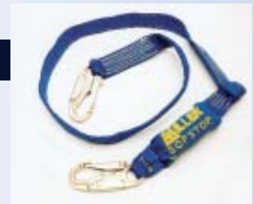
Model 913K (Model 940K available for 12 ft. free fall)
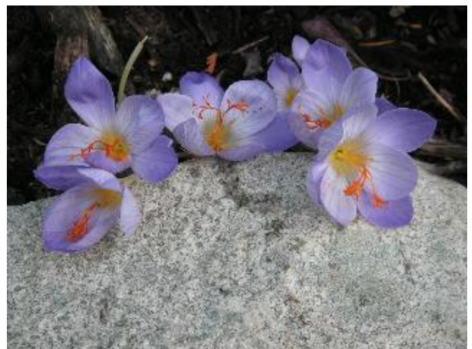
Autumn crocuses submitted by: Erica Iseminger.
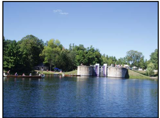
Just one of the great locks at Jones Falls. Come back to see and enjoy all of Jones Falls.

Option: Turn Left onto Davis Lock Rd. and explore this country lane (about 5 km.) to its destination. Davis Lock is one of the most picturesque and rustic stations of the Rideau Canal. Return to your route along the same road.
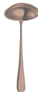
Soup Ladle DB9022SOL-D-BRASS Length: 300mm 3.0mm | 18/10 12/120
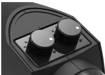
2 potentiometers for easy access to adjust wire-feed speed and voltage.
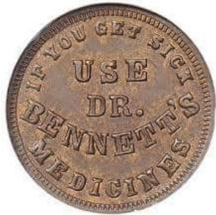
Civil War Token
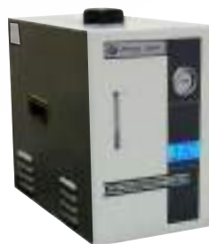
Hydrogen Gas Generator
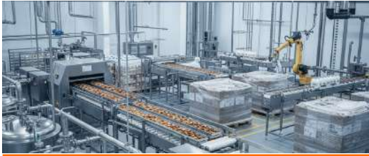
Food Processing & Packaging
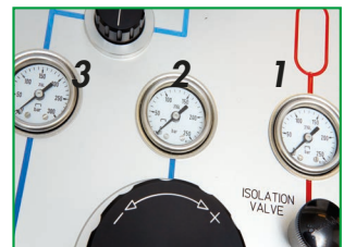
The three pressure gauges indicate: 1. pressure in bottle 2. pressure set by pressure regulator 3. pressure at test port
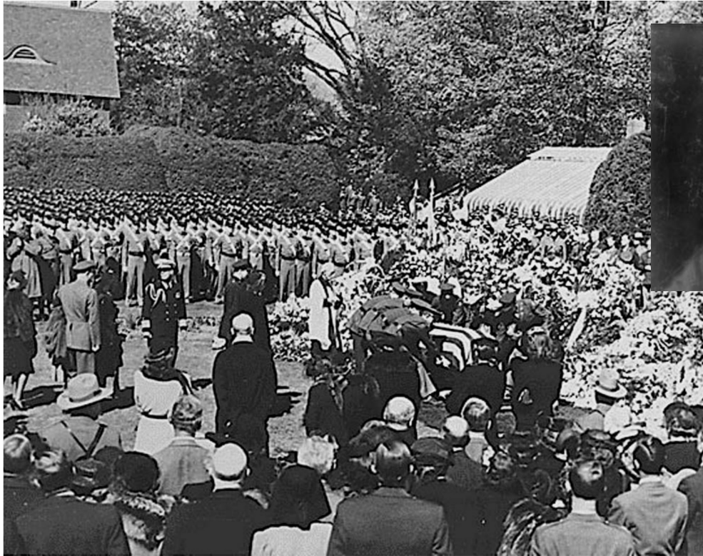
Roosevelt's funeral at Hyde Park, April 15, 1945. LaRouche, then in India in military service, was asked by fellow GIs what the significance of Roosevelt's death would be. "I'm afraid for our nation," he told them. "I'm afraid for the effect of turning the government over, from a great man, to a very little one."
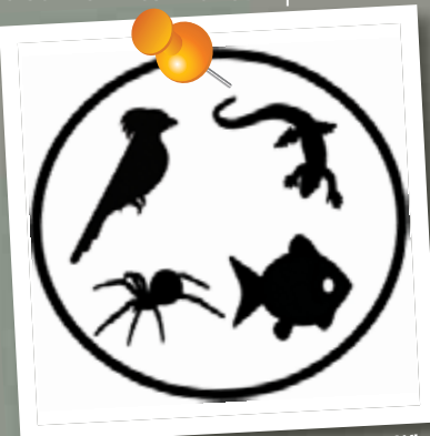
Be Pet Wise

Find out more at www.invasivespeciesireland.com
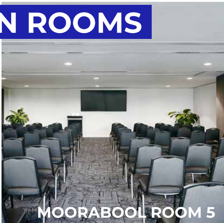
MOORABOOL ROOM 5

□ □ □ □ □ □ □

After removing each picture, print the entries above exactly as they were.

Model 913K (Model 940K available for 12 ft. free fall)
Autumn crocuses submitted by: Erica Iseminger.
Just one of the great locks at Jones Falls. Come back to see and enjoy all of Jones Falls.

Option: Turn Left onto Davis Lock Rd. and explore this country lane (about 5 km.) to its destination. Davis Lock is one of the most picturesque and rustic stations of the Rideau Canal. Return to your route along the same road.
Soup Ladle DB9022SOL-D-BRASS Length: 300mm 3.0mm | 18/10 12/120
2 potentiometers for easy access to adjust wire-feed speed and voltage.
Civil War Token
Hydrogen Gas Generator
Food Processing & Packaging
The three pressure gauges indicate: 1. pressure in bottle 2. pressure set by pressure regulator 3. pressure at test port
Roosevelt's funeral at Hyde Park, April 15, 1945. LaRouche, then in India in military service, was asked by fellow GIs what the significance of Roosevelt's death would be. "I'm afraid for our nation," he told them. "I'm afraid for the effect of turning the government over, from a great man, to a very little one."
Be Pet Wise

Find out more at www.invasivespeciesireland.com
MOORABOOL ROOM 5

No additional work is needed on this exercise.